# HT sub location?



## smithee419 (Aug 27, 2008)

Ok here's my question I'm in the process of builing my Home Theater. I want my sub to be stealth but still sound good. I'm building the room in my basement, and it is only dedicated HT. The room dimensions are 15'x20', I built a stadium style platform for my chairs to sit on, this is 15'wide x 6'long x 14" tall and sits it 3 feet from rear wall. I also have a front platform under the screen that is 15'wide x 2'tall x 12"deep. Should I build my sub enclosure under the chairs in the stadium or should I build the sub enclosure in the front platform? I can also build a sub enclosure in the rear corners, what do you think?


----------



## Maceo23 (May 25, 2009)

Are you going to use multiple subs or just one? I personally don't care for having my subs near-field, but thats really just personal preference. If you're only going for a single sub, I would go for the front wall, probably in one of the corners so that you get the advantage of corner loading. Really the best way to find a good location is to place you sub at your seating position, play some test tones, and move around the room with an SPL meter and find the best response. Once you find it, put the sub there. Hoowever, it sound to me like you are looking to locate the sub during the actual build, before the system will be up and running. If thats the case, one of the front corners will be your best bet.


----------



## smithee419 (Aug 27, 2008)

I'm gonna be using 2 subs, and you are correct I want to locate them in the building process of the room. My first plan was to put them in the front platform in the corners. But I started to think that the platform being encolsed itself would decrease the spl?


----------



## Maceo23 (May 25, 2009)

I don't quite follow, are you purchasing a couple of HT subs, or are you using two drivers and building your own subs into the riser?


----------



## smithee419 (Aug 27, 2008)

I'm gonna build 2 subs.


----------



## Maceo23 (May 25, 2009)

I would just go ahead and build them side by side in the platform shooting straight out. I personally perfer large sealed enclosures for HT. I have a tempest X in about 8.5sf in my theater and its pretty good. I had it in a a 10ft sonotube and it was ridiculous, but I wanted a little more musicality so I went sealed. Here's a link to a few pages of ideas. What drivers are you planning on using?


----------



## smithee419 (Aug 27, 2008)

I don't know what subs I'm gonna use yet. I might possibly use a pair of 4ohm 12" soundstream exact subs that I have laying around in my garage, but I don't know yet.


----------



## Maceo23 (May 25, 2009)

Do Yourself a favor. Car subs a really not designed for home audio use. If you are going to go through the whole ordeal of building a dedicated theater room, find the right drivers for the job. You will thank yourself in the end.


----------



## smithee419 (Aug 27, 2008)

Yea this is what I thought! My options are open on subs, any suggestions? The rest of the speakers for the room will be speakercraft cinema 5's. The make subs, so I might just go that route.


----------



## Maceo23 (May 25, 2009)

Take a look at diycable.com. They have subs from 12"-21" that are all well suited. The FiCar Q series, Mach 5 IXL, and CSS SDX-15 are all good candidates. The subs from DIY and the SDX-15 have XBL2 motors also.


----------



## TREETOP (Feb 11, 2009)

Maceo23 said:


> Do Yourself a favor. Car subs a really not designed for home audio use. If you are going to go through the whole ordeal of building a dedicated theater room, find the right drivers for the job. You will thank yourself in the end.


That's silly talk. 
My home subs are a pair of MTX T5158 15" subs, each in a sealed 2.25 cube enclosure, each running from its own bridged Crown DC-300A (610w each). I've tried quite a few dedicated home theater subs and I'm *way* happier with what I've got now.

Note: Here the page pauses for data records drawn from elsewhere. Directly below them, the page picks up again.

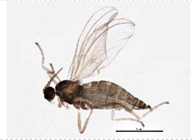
BIOUG05503-B09 [Lateral] Cecidomyiidae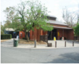
FORMER PUMPING STATION SOHE 2008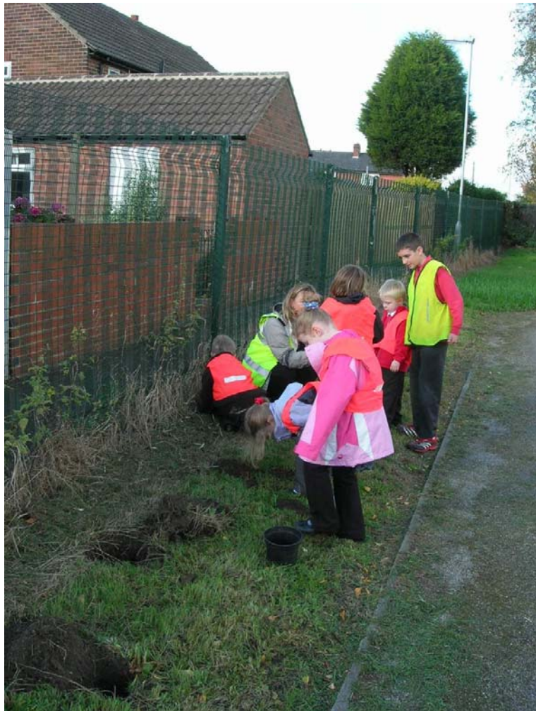
Photograph 4 Pupils from Woodlesford Primary School planting bulbs at Rothwell day centre

A spring bulb planting day at Rothwell Adult Learning Centre with pupils from Woodlesford Primary School and users from the centre. The work has continued at the centre with a Groundwork youth worker working alongside Woodlesford in Bloom staff to maintain the raised planters. This relationship has continued after the completion of the project funding period with an action day taking place 08/02/08 to continue the work in the grounds.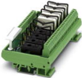
VARIOFACE module, for 8 plug-in miniature relays or miniature optocouplers, with LED, 24 V DC input voltage

Please be informed that the data shown in this PDF Document is generated from our Online Catalog. Please find the complete data in the user's documentation. Our General Terms of Use for Downloads are valid ( http://download.phoenixcontact.com )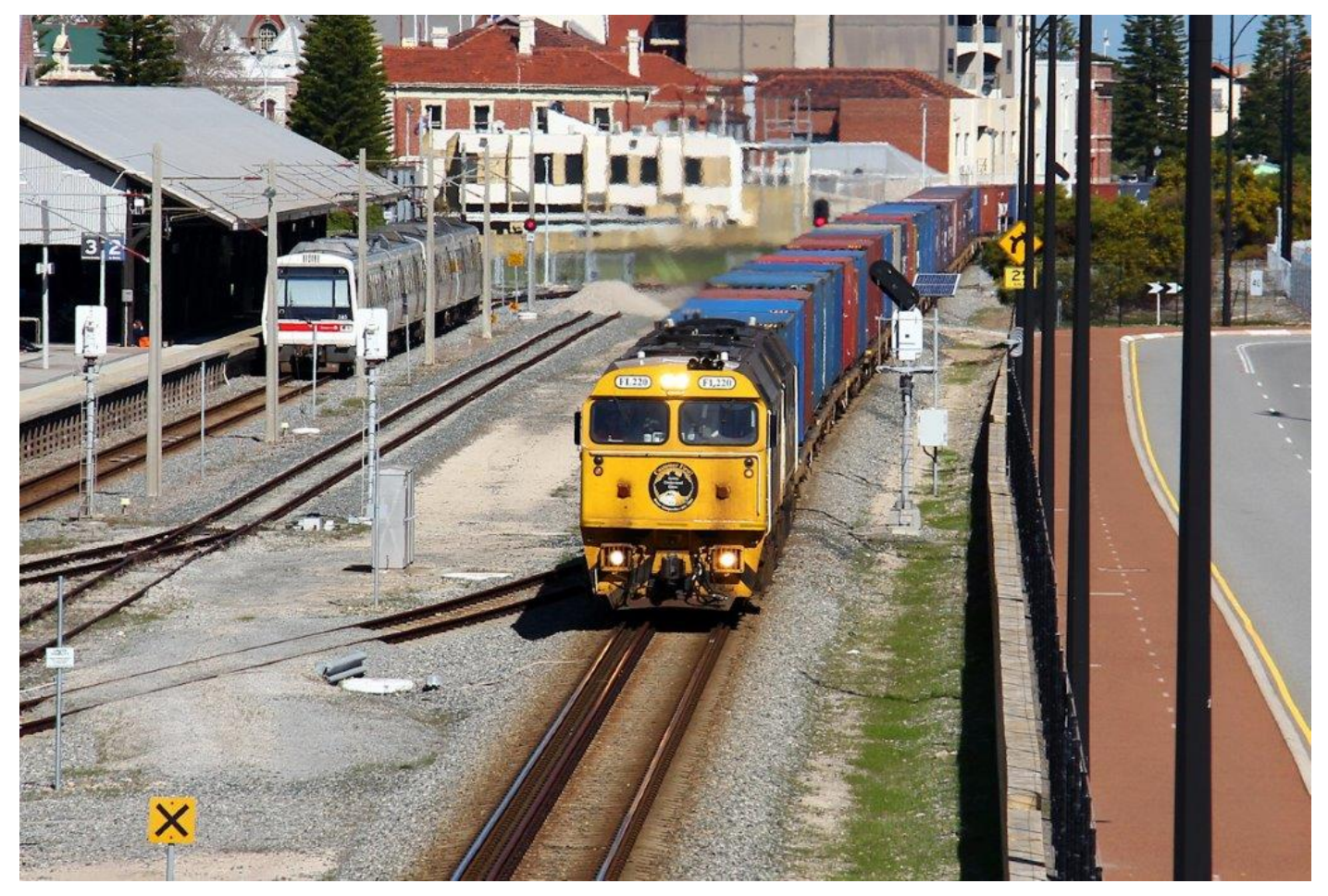
FL220 & HL203 chatter through Fremantle with 2142 container shuttle, 19<sup>th</sup> August.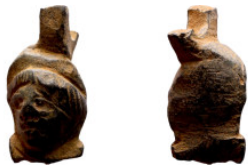
1221 Antik period - Jewelry 23mm 9.68g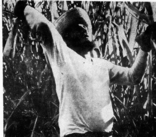
CASTRO SETS AN EXAMPLE FOR VOLUNTEERS No one is surprised to see him cutting sugar cane

MYTHS PUNCTURED: In the mill, the ancient but still serviceable machinery dragged tons of cane up into its maw, pulverized and processed it, and spewed forth a mountain of sugar almost reaching the roof of the storage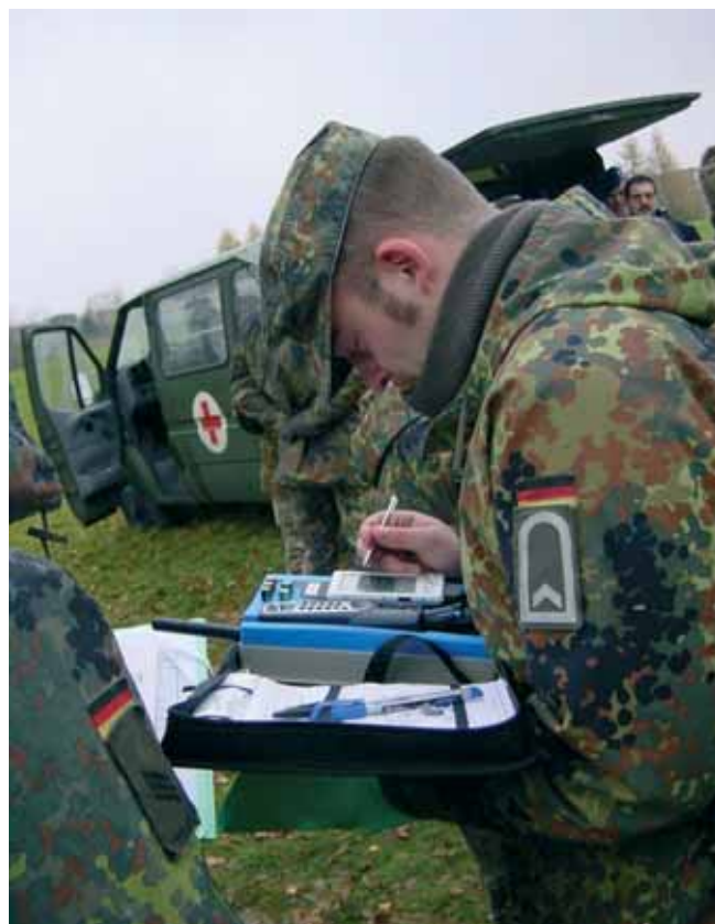
Project DELTASS: the portable terminal used by the Search & Rescue (SAR) teams to fill in the electronic patient record card. The link with the coordination centre is via the Globalstar satellite system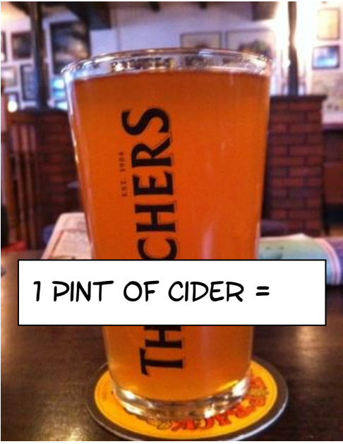
1 PINT OF CIDER =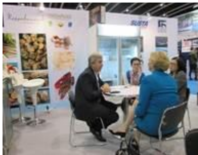
U.S. Pavilion at the Show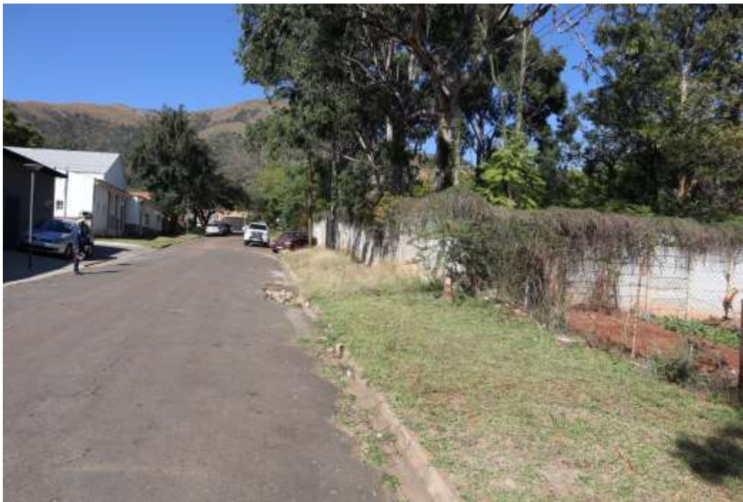
Figure 7: View of Wagner Street from Northern side and the proposed site to the right.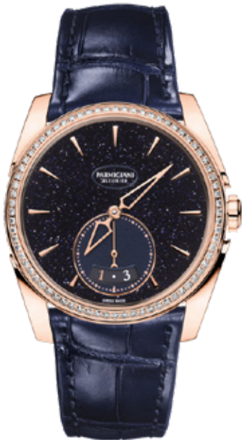
Ø 33 mm Rose gold set blue PFC273-1062500-HA3121

Caliber: PF310 Total dimensions: 10 1/2" – Ø 23.9 mm Frequency: 4 Hz – 28'800 A/h Winding: Automatic Power reserve: 50 hours No. of components: 189 No. of jewels: 28 Thickness: 3.9 mm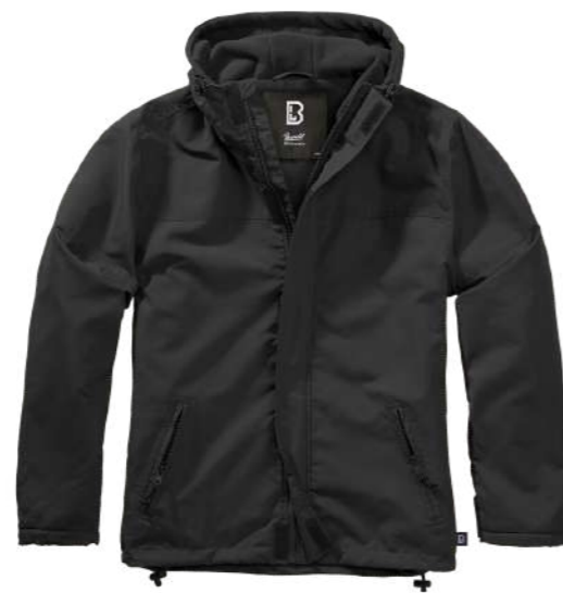
COLOR | 11002 - black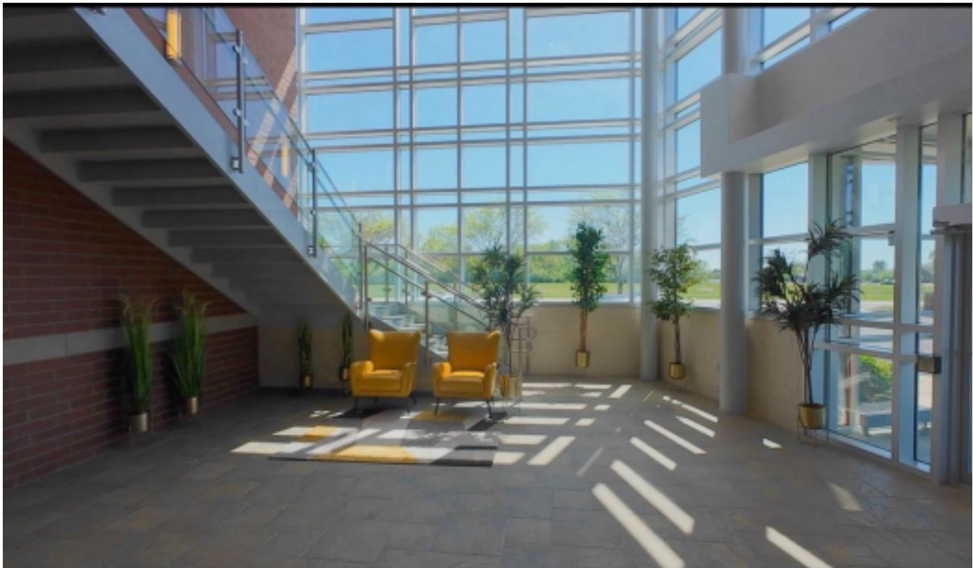
Actual picture taken at location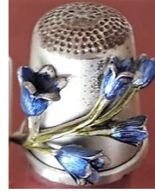
1995 London import mark applied bluebells made by Julius Wengert of Pforzheim Germany

[edit to stay on topic:] My subs are in the front, just to the sides and down from the TV screen. My L&R main speakers are set out farther than the subs. I figured just in case anything were to be localized, front would be the best spot. As far as I know most movie theaters still have the subs in front, behind or below the screen.


----------



## 2500hd (Aug 22, 2009)

A local theater was just finished being built and before the screen was put on, I noticed that the subs were centered behind the screen. You could go IB on the wall behind the screen if you're still in the construction planning phase..


----------



## smithee419 (Aug 27, 2008)

ok I'm gonna build the subs in the front platform 1 on each corner. The front wall is already built, just have to build plaform. The platform will also house the center channel speaker.


----------



## Maceo23 (May 25, 2009)

I wasn't implying that a car sub wouldn't work. However, a lot of them are design with huge cabin gain in mind that you will get from being inside a car, and aimed more at frequencies a little higher than home theater subs. I'm just saying that going with a sub designed specifically for the application takes a little of the guess work out of such a large selection of drivers.


----------